Tree within the boundary


What is the situation if there is a tree 10 metres inside the boundary and the ball hits this tree?


Law 19.1 (a) requires the umpires and captains, before the toss, to agree the boundary of the field of play. Section (c) of the same Law indicates that it is the umpires’ responsibility to decide, also before the toss, whether or not an obstacle within the boundary, such as the tree you describe, is to be regarded as a boundary. It may be worth mentioning that no such decision can be made about a sight-screen. It has to be outside the boundary.

If the umpires have decided that the tree is to be regarded as a boundary then all the provisions regarding boundaries will apply. As soon as the ball in play, or a fielder in contact with the ball touches any part of the tree, a boundary will be scored and the ball will become dead. The allowance will depend on what was decided before the toss and whether the conditions for a boundary 6 apply or not. If the umpires have not decided that the tree is to be regarded as a boundary, then the ball touching it will remain in play.

[Law reference: 19.1]

Large curved object as boundary marking

If a large object with a curved surface marks part of the boundary, the line joining its innermost points may be high enough for the ball to travel under this line, passing it before touching the object itself. This is not to be regarded as coming into contact with the ground beyond the boundary edge.

field in play

Take as example a roller. For a boundary to be scored, it will be necessary to touch the surface of the roller, or the ground on the far side of the roller, or an object grounded on the far side of the roller. In this diagram, the ball has not yet touched the roller. A boundary has not been scored.

[Law reference: 19.2(c)(i)]

Boundary fence collapsing while ball is in play


A boundary fence collapses into the field of play and comes to rest face down, flat on the ground partly within the field of play, straddling the original base line of the fence. The ball is hit by the striker and touches a part of the fence that is within the field of play. The ball remains inside the field and does not travel past the original base line. Is the boundary the original base line?

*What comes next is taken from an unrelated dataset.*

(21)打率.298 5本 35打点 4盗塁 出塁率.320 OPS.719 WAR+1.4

There is an inference that Law 19.2 (e) will only apply when the fence has been removed from the field of play altogether.

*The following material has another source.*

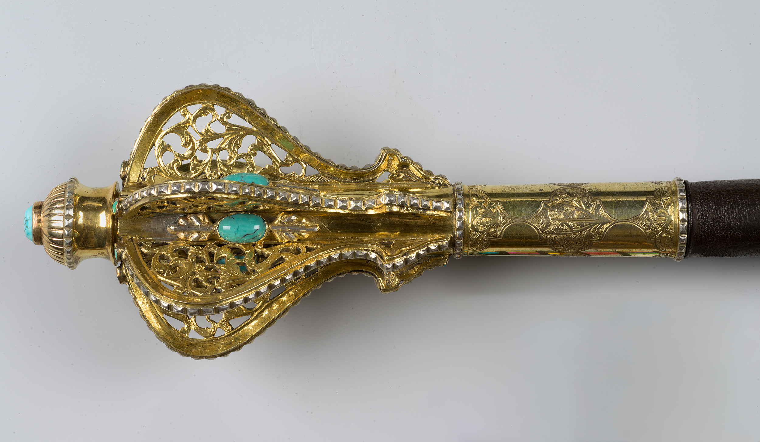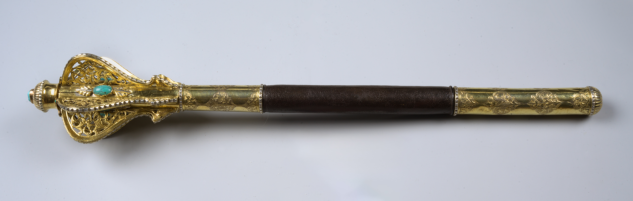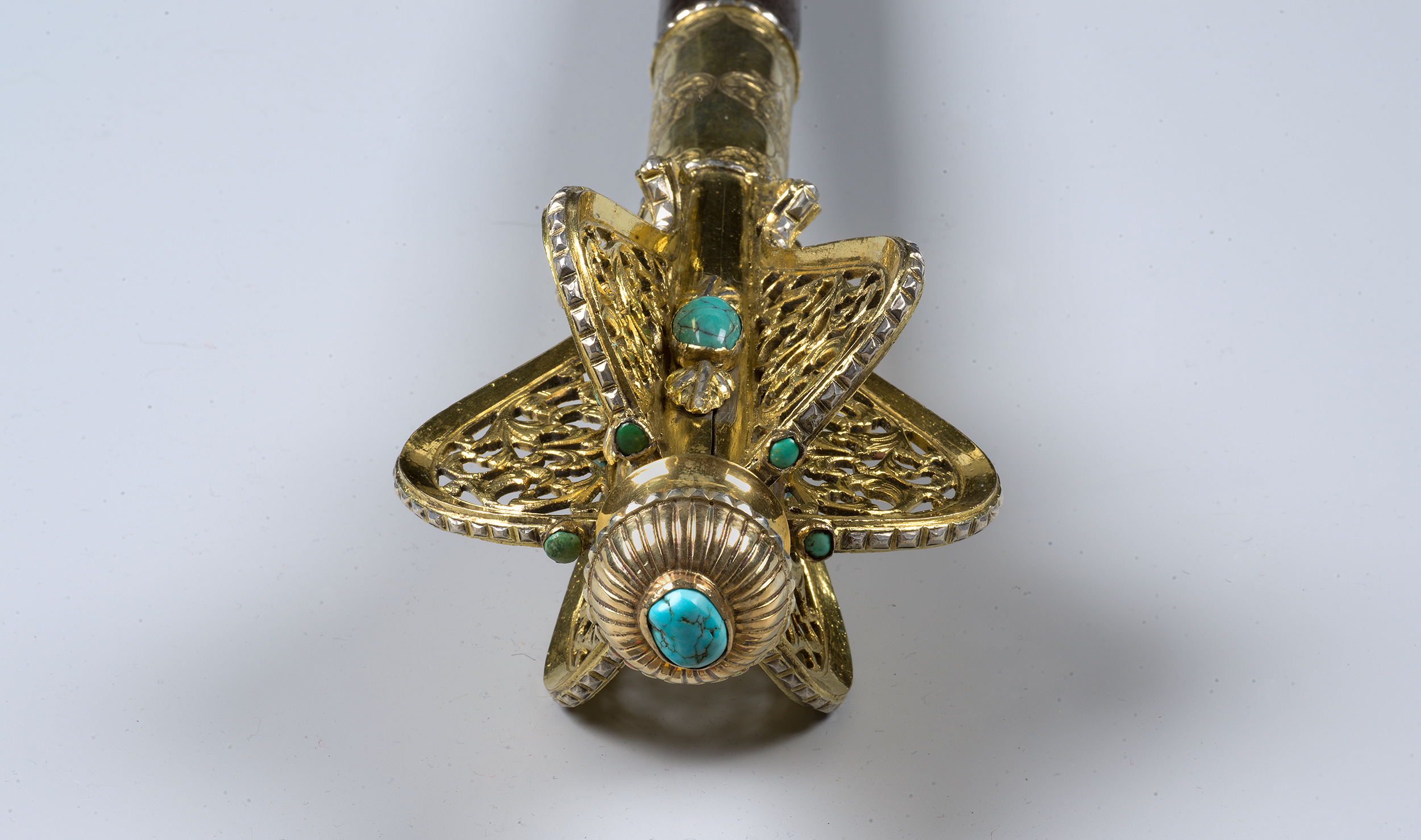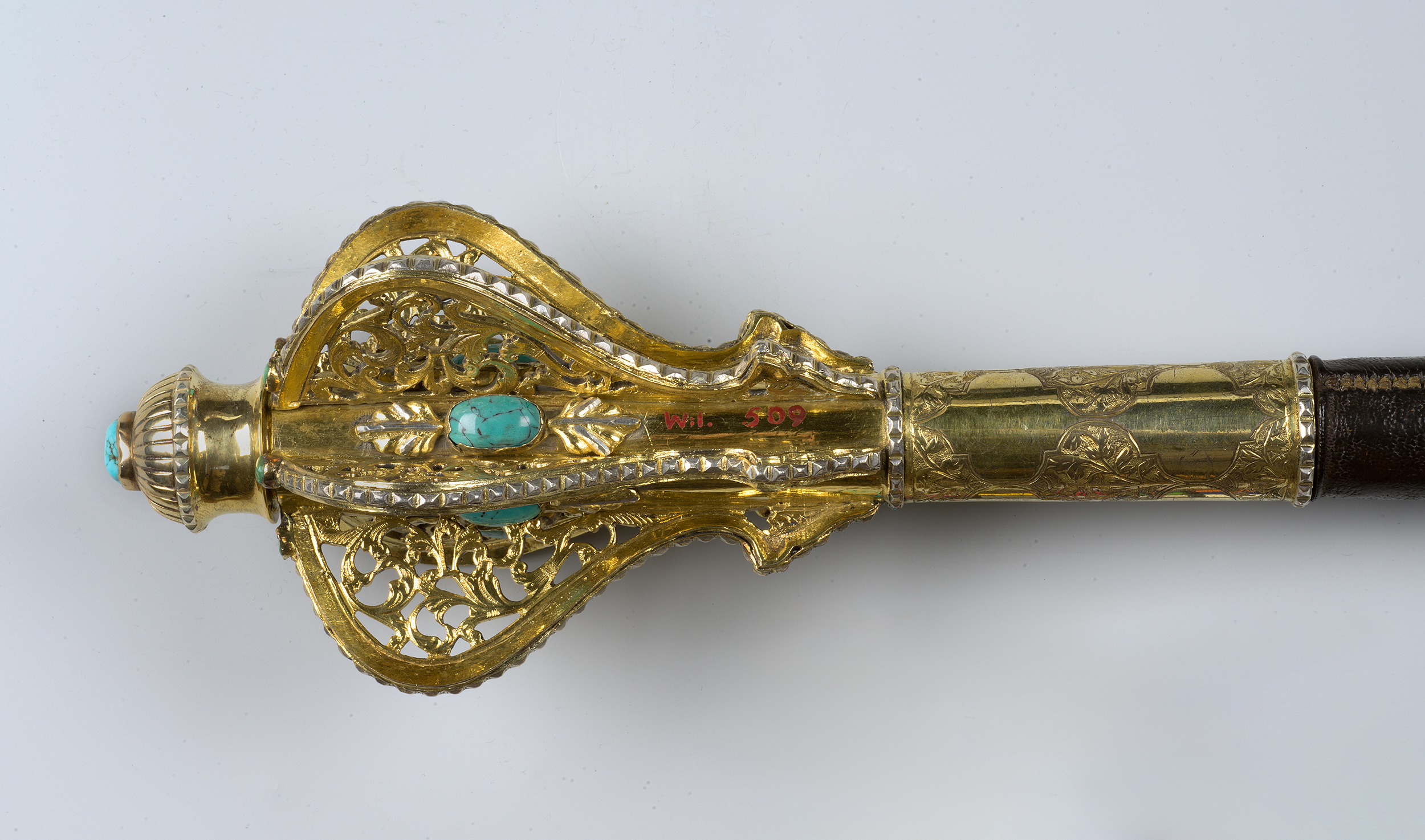 Buzdygan oficerski, nr inw. Wil.509, pochodzi z pierwszej połowy XVIII wieku. Rękojeść buzdyganu składa się z dwóch srebrnych i pozłacanych tulei osadzonych w górnej i dolnej partii drewnianego trzona. Środkowa część rękojeści obciągnięta jest czarną skórą. Każdą część trzona oddziela karbowany pierścień z metalu. Metalowe powierzchnie tulei zdobione są kartuszami, zawierają dekoracje ze stylizowanych motywów roślinnych. Takie zdobienia są charakterystyczne dla ornamentyki perskiej oraz tureckiej. Zakończenie trzonka stanowi głowica złożona z sześciu ażurowych piór o esowatym wykroju. Profile piór pokrywają bogate dekoracje roślinne: stylizowane, lancetowate, strzępiaste i mocno wygięte liście. Między piórami – na trzonie, na wierzchołkach piór oraz na szczycie głowicy widocznych jest sześć eliptycznych kaszt, w których osadzono turkusy.

It is correct to infer that the boundary becomes the original base line only after the collapsed fence has been removed. This removal is to be done as soon as the ball is dead. For the short period until the ball becomes dead it has to be considered that the fence still marks the boundary. As soon as the ball touches any part of the fence a boundary has been scored. In the case quoted, as the fence had not been removed, it must be assumed that the collapse occurred after the ball had come into play and that therefore the statements above apply. A boundary would be scored when the ball touched the fence, no matter which part of the fence it was.

[Law reference: 19.2(e)]

Interpretation of ‘6 runs’ in Law 19.4(c) – runs allowed for boundaries


The Law instructs that captains and umpires are to agree not only what constitutes the boundary of the field of play but also the allowances for boundaries. If there is such an agreement that the normal 4 and 6 are to be replaced with other values, e.g. 3 and 5, should the award of 6 runs in this Law be interpreted as the agreed value, that is 5 in example?


No. It is intended that this should be an award to the batting side for an error by the fielder, rather than a normal boundary. The award should be 6 runs whatever may have been agreed about allowances.